### EXERCISE
When you repeat the entries, reproduce each line exactly and omit every picture.

[Records excerpted from a collection]
== Segment start ==

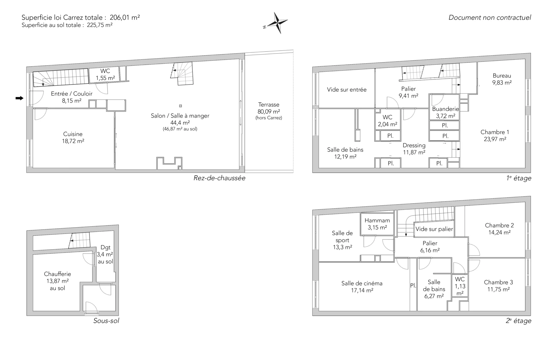 - Habitable : 206,01 m² Total : 225,75 m²
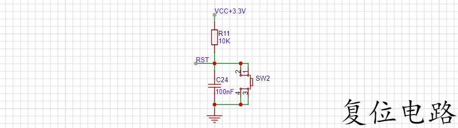 按键按下时,RST直接接地,完成复位。
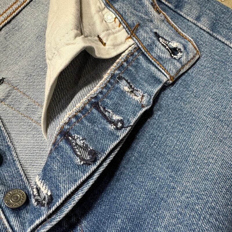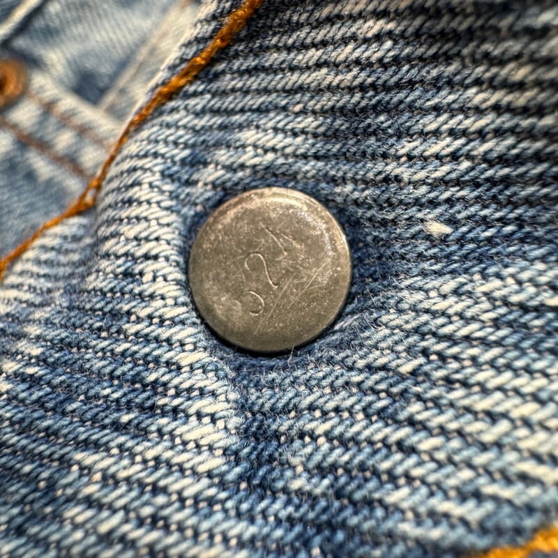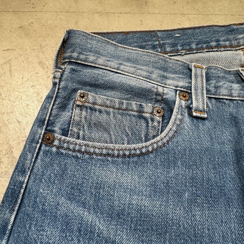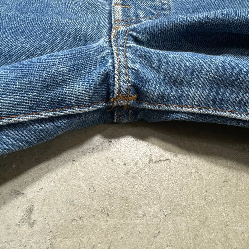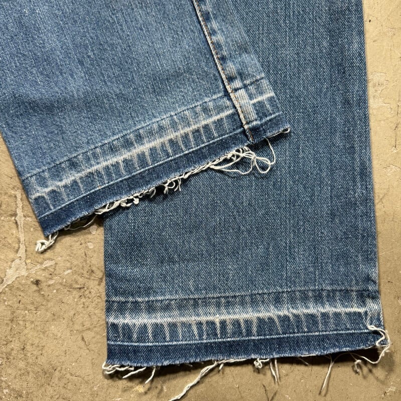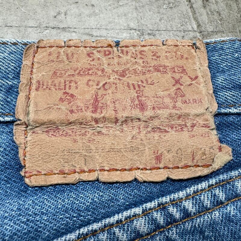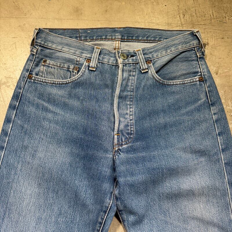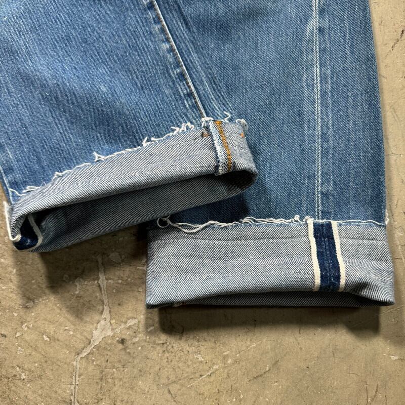 80年代のLevi's501デニム赤耳モデルです。刻印524(エルパソ)、アウトシームセルヴィッジ、内股シングル、赤タブスモールe。色残りは4割程ですが、ヒゲがうっすうらと入る個体です。ダメージやリペア等はございませんが、両裾のステッチを解いてレングスが伸ばされています。気になる方はそのまま折り返して縫い直してもらえば元に戻ります。ウエスト表記はW30インチですが実寸はやや縮みがありW29~30です。男女共に着用できるサイズ感です。以前はレギュラー扱いが多かった赤耳もここ最近ではヴィンテージとしての市民権を得た印象です。復刻以外でセルヴィッジが付く最終モデルですので、サイズが合う方は是非今のうちに手にされても良いかと思います。80年代らしい色落ちで、これからの季節に使い易い色味の一本です。
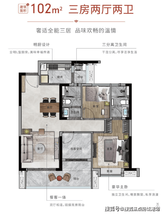 建面约102㎡ 2+1房:同样三开间朝南,配备约6.1米巨幕阳台,主卧套房设计,独立卫浴保证私密性和舒适度。
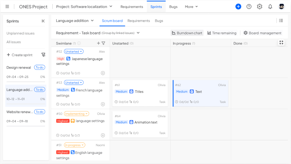 ONES Project is an AI-ready, full-lifecycle project management and task collaboration tool. It serves as the core of the ONES Platform, supporting Agile, Scrum, Waterfall, and DevOps methodologies in a single system. Seamlessly integrated with ONES Wiki and ONES TestCase, it enables teams to manage requirements, tasks, bugs, and sprints in one place.

== Segment end ==

### RESPONSE TO THE EXERCISE
 - Habitable : 206,01 m² Total : 225,75 m²
 按键按下时,RST直接接地,完成复位。
 80年代のLevi's501デニム赤耳モデルです。刻印524(エルパソ)、アウトシームセルヴィッジ、内股シングル、赤タブスモールe。色残りは4割程ですが、ヒゲがうっすうらと入る個体です。ダメージやリペア等はございませんが、両裾のステッチを解いてレングスが伸ばされています。気になる方はそのまま折り返して縫い直してもらえば元に戻ります。ウエスト表記はW30インチですが実寸はやや縮みがありW29~30です。男女共に着用できるサイズ感です。以前はレギュラー扱いが多かった赤耳もここ最近ではヴィンテージとしての市民権を得た印象です。復刻以外でセルヴィッジが付く最終モデルですので、サイズが合う方は是非今のうちに手にされても良いかと思います。80年代らしい色落ちで、これからの季節に使い易い色味の一本です。
 建面约102㎡ 2+1房:同样三开间朝南,配备约6.1米巨幕阳台,主卧套房设计,独立卫浴保证私密性和舒适度。
 ONES Project is an AI-ready, full-lifecycle project management and task collaboration tool. It serves as the core of the ONES Platform, supporting Agile, Scrum, Waterfall, and DevOps methodologies in a single system. Seamlessly integrated with ONES Wiki and ONES TestCase, it enables teams to manage requirements, tasks, bugs, and sprints in one place.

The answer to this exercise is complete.